He was half-amused by the man's request. Or order, if he was being fair. That wasn't much of a question, but a demand. It didn't matter. Matt would do more than pay for one round at the ships restaurant for the men.

"Andrew."

The boy straightened and focused on his fathers' image.

"I don't tell you enough how proud I am of you. Even when you drive me crazy with your stubborn, often reckless behavior, I know it's only because you're learning to be yourself. I'm ... " Blake broke off, looked down and took a deep breath. "I'm sorry I can't be there to teach you how to fly, son. I hope this doesn't scare you away from trying it on your own."

Even at the distance, Matt saw Andrew clench his fists, nodding at the image as though his father could see it.

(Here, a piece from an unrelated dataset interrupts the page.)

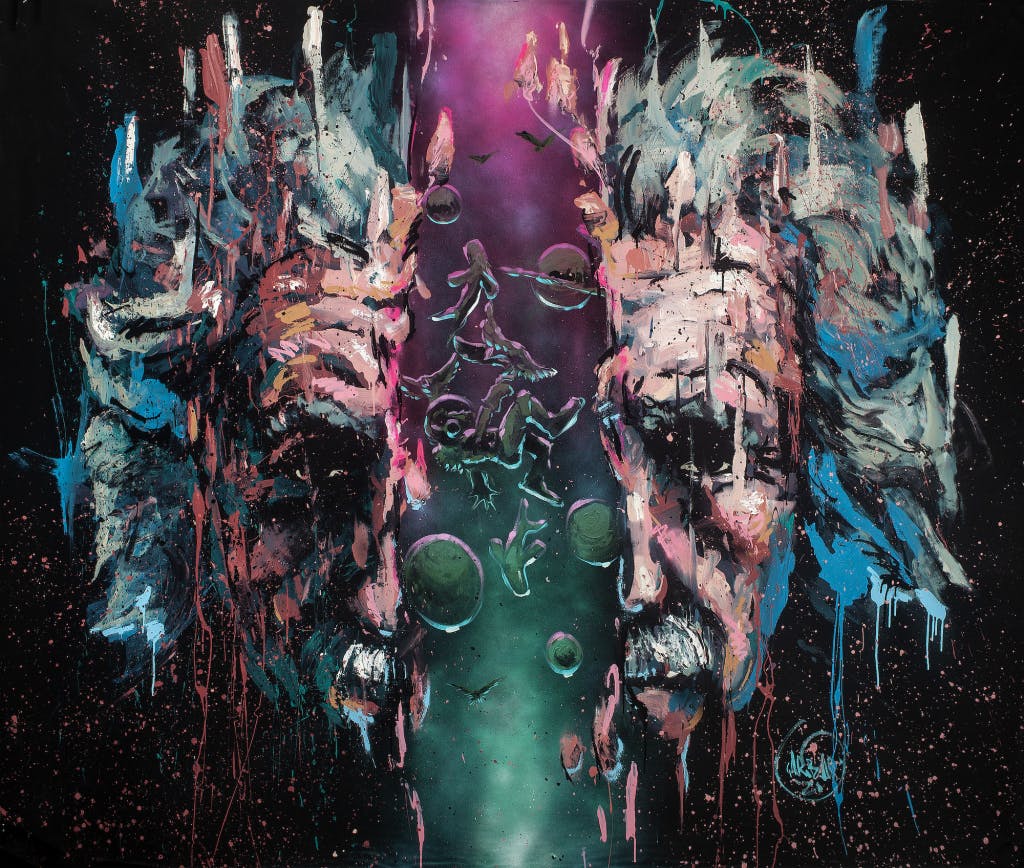 The rapid and choreographed nature of David’s style add to the beauty and impulsiveness of his work. Theory of Imagination centers around David’s artistic interpretation into the mind of Albert Einstein.

"And Cadena," Blake smiled, a real smile this time. "You made my life something important."

The woman's head bowed, shading her eyes from view. She was crying, he knew. Her shoulders quivered as she suppressed emotion, trying desperately to hold onto her composure. For reasons he couldn't understand, Matthew Borden felt his usual distance from humanity crack. Leadership required a cold, almost aloof standard of living, and no one had done this as well as Matt. But the sight of that woman, pained not because she was losing stability and position in society, but because she was losing the man himself; it struck him someplace inside. Someplace he hadn't known existed.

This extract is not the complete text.